_DIRECTIONS_. In the records below, the line with "保証内容(カーセブンEGS保証) 12ヶ月または千km" opens the range and the line with "Camiseta de manga larga con encaje" closes it; print that range exactly and nothing else.

[Stored items from a collection]
*-*-*

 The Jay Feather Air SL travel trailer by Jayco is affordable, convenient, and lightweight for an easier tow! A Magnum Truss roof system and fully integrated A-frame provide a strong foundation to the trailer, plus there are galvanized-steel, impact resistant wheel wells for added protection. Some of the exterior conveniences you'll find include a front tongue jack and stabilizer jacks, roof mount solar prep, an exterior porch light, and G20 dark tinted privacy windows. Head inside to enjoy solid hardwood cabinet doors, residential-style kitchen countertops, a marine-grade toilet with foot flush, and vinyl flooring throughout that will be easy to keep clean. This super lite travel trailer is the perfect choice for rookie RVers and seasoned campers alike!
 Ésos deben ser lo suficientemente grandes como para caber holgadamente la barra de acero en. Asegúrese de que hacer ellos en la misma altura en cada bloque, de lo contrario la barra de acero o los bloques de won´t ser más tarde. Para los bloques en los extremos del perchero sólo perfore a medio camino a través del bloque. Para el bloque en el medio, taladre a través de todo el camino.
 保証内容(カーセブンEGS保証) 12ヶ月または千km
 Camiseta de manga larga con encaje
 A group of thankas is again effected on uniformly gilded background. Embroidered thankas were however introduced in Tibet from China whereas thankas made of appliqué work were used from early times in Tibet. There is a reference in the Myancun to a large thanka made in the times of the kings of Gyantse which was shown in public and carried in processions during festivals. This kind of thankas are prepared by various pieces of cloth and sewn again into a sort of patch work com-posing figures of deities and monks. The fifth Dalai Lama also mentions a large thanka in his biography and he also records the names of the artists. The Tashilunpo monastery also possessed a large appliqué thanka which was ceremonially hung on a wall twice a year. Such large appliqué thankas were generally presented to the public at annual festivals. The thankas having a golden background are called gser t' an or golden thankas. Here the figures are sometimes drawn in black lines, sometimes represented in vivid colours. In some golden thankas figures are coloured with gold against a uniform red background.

*-*-*

_EXPECTED OUTPUT_.
 保証内容(カーセブンEGS保証) 12ヶ月または千km
 Camiseta de manga larga con encaje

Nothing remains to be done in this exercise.